Junko’s dedication to her sport didn’t end when she was at lower elevation. She advocated for climbers to respect their natural environments and to clean up after themselves. She was a vocal supporter of limiting climbing permits on Everest so that the mountain didn’t take more stress than it could reasonably endure. She worried—rightly—about mounting trash, water quality issues, and growing deforestation as more climbers tried to make it to the top or even to Everest base camp without the ecologically minded ethos of not leaving a trace. She told an interviewer toward the end of her life that she would tell her younger self, “Do not give up. Keep on your quest.” She never gave up—not on climbing, and not on her faith that humanity could find a way to conquer the natural world’s challenges without harming it.
Billie Jean King
Hillary
The date was September 20, 1973. My friends and I were crowded around a television set, and I was nervous. We were a handful of the ninety million people around the world tuned in to “The Battle of the Sexes,” the most watched tennis match in history. On the screen, Billie Jean King was carried by burly-looking men into Houston’s Astrodome like Cleopatra on her throne. Her opponent, Bobby Riggs, rolled in on a rickshaw, accompanied by a pack of scantily clad women he called “Bobby’s bosom buddies.” Riggs, ever the showman, seemed to revel in the circus-like atmosphere. But from the steely glint in Billie Jean’s eyes, it was clear: She had come to play tennis.
We were rooting for her as though she were a friend we had known all our lives. I was on the edge of my seat, reminding myself to breathe in and out. I knew, and Billie Jean definitely knew, that she had a lot riding on her shoulders. Riggs was a self-described male chauvinist who said: “The male is supreme. The male is king.” If she lost to him, Billie Jean worried, she would undermine the newly passed Title IX, bring shame to women’s tennis, and set the women’s movement back fifty years. But if she won, she would send a resounding message to women and men everywhere that everyone deserved a level playing field. We really, really, really wanted her to win.
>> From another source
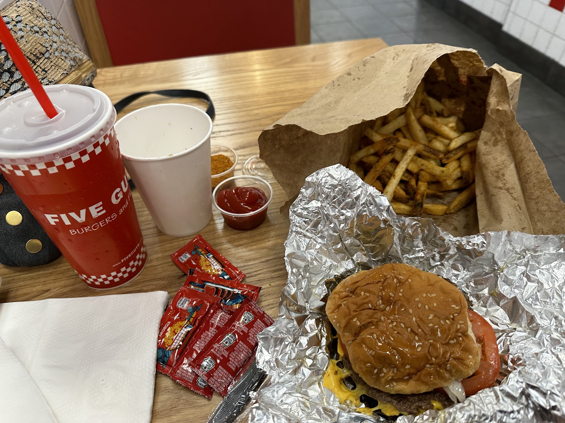 Read moreI have been a repeat customer of Five Guys for many many years, but the prices have truly gotten insane. A burger and fries was $18 which would be okay, except that they didn't even do a full topper on the fries, telling me it was policy to do a half topped for a small fry order (first time I've been told this in my life) and proceeded to tell me "it's always been that way" which is just plainly not true. Now I hadn't been to this particular location for almost 2 years, so I figured it may have changed in that time, but the way the staff reacted was so rude and unprofessional. No apologies, no acknowledgement of my experience, just "that's policy, not my problem."
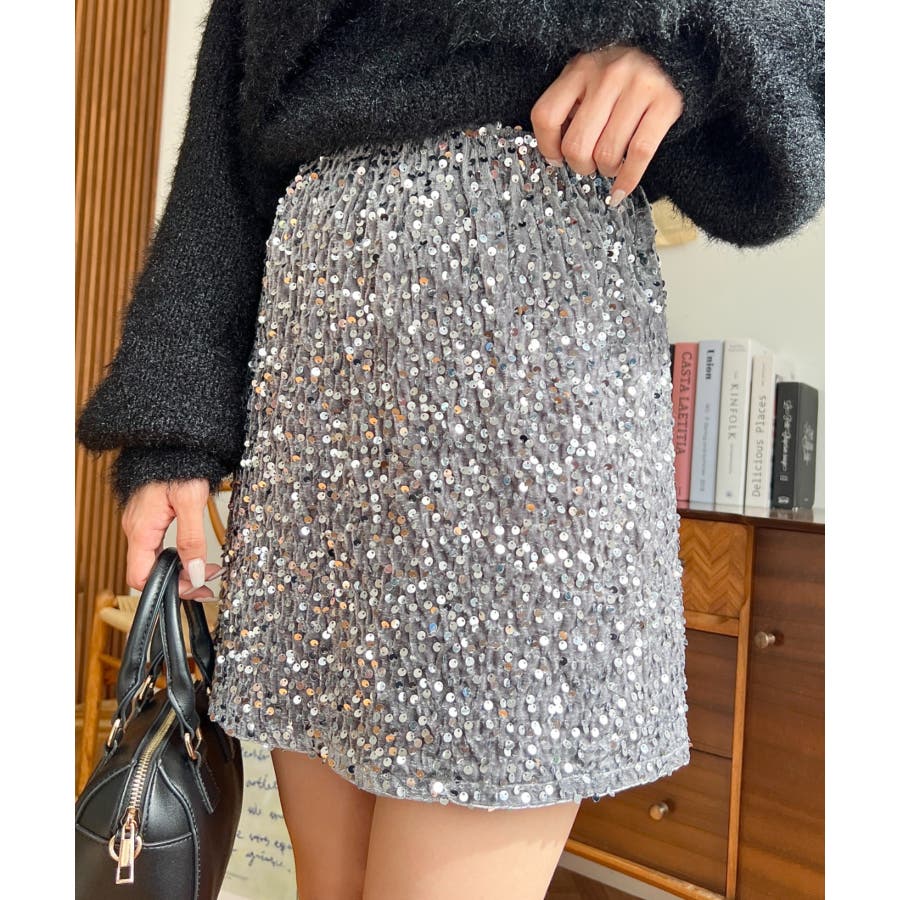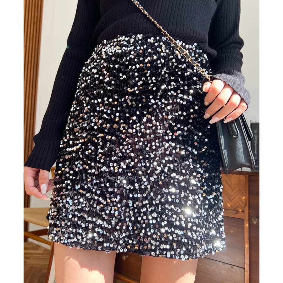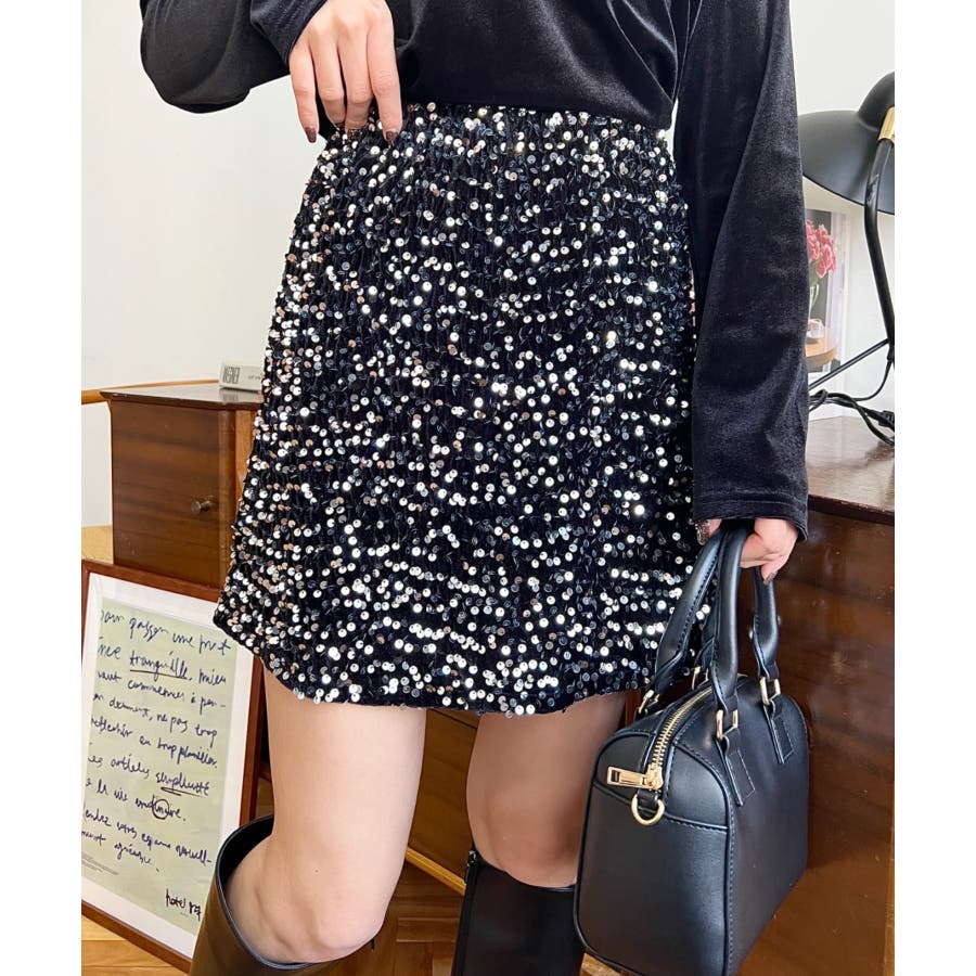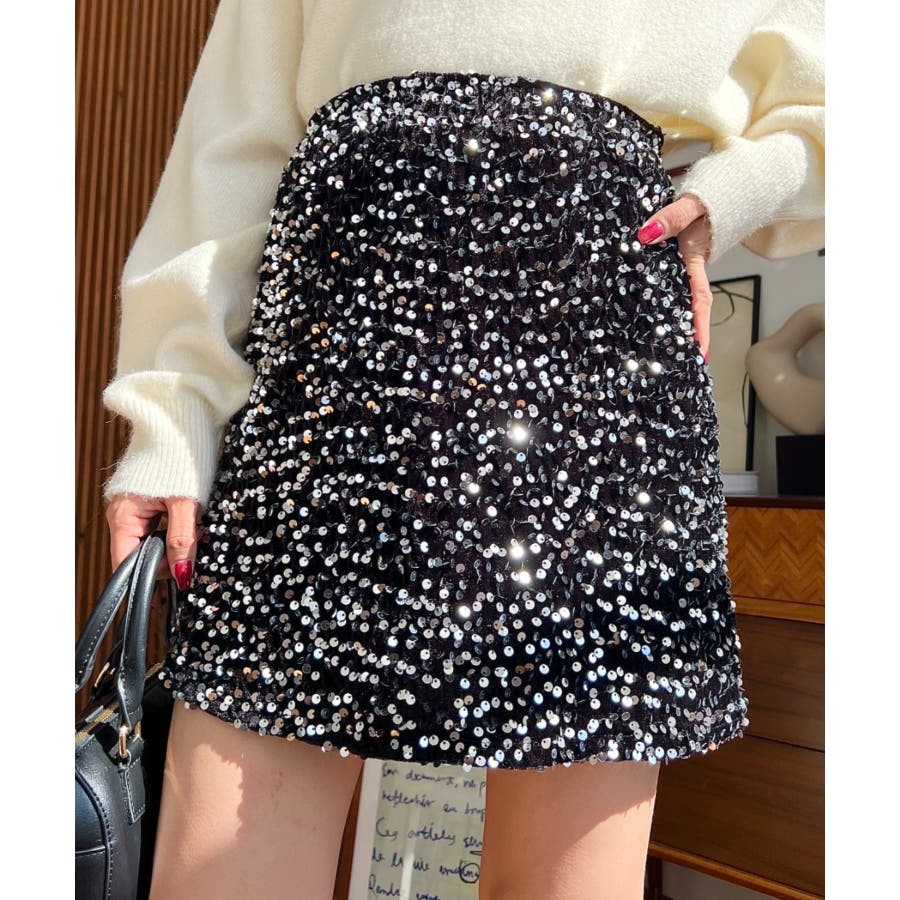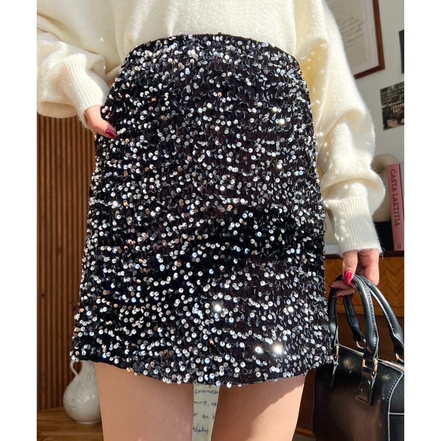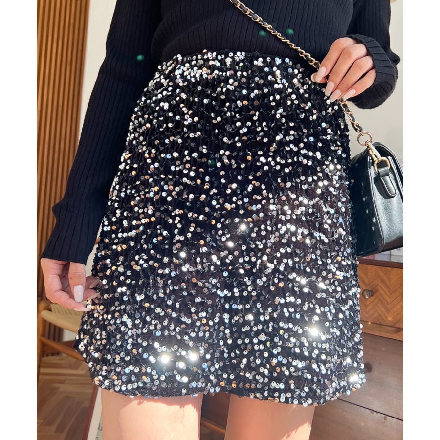・輝く存在感たっぷりのスパンコールを全面にあしらったミニ丈スカート!

And win she did, trouncing Riggs decisively: 6–4, 6–3, 6–3. The audience in Houston rushed onto the court. Riggs leaped over the net to shake her hand and admitted: “I underestimated you.” As in so many other hard-fought victories in her life, Billie Jean didn’t win this one just for herself—she won it for all of us. It may have been a symbolic match, but it had a very real effect on how people saw themselves, women in particular.
Billie Jean King first captured my attention over a decade earlier, in the early 1960s. As an aspiring (and mediocre) tennis player myself, I thought: “Here is an American woman, not that much older than I am, and she’s doing something I know is really hard, and doing it well.” Most of all, she really seemed to love what she did.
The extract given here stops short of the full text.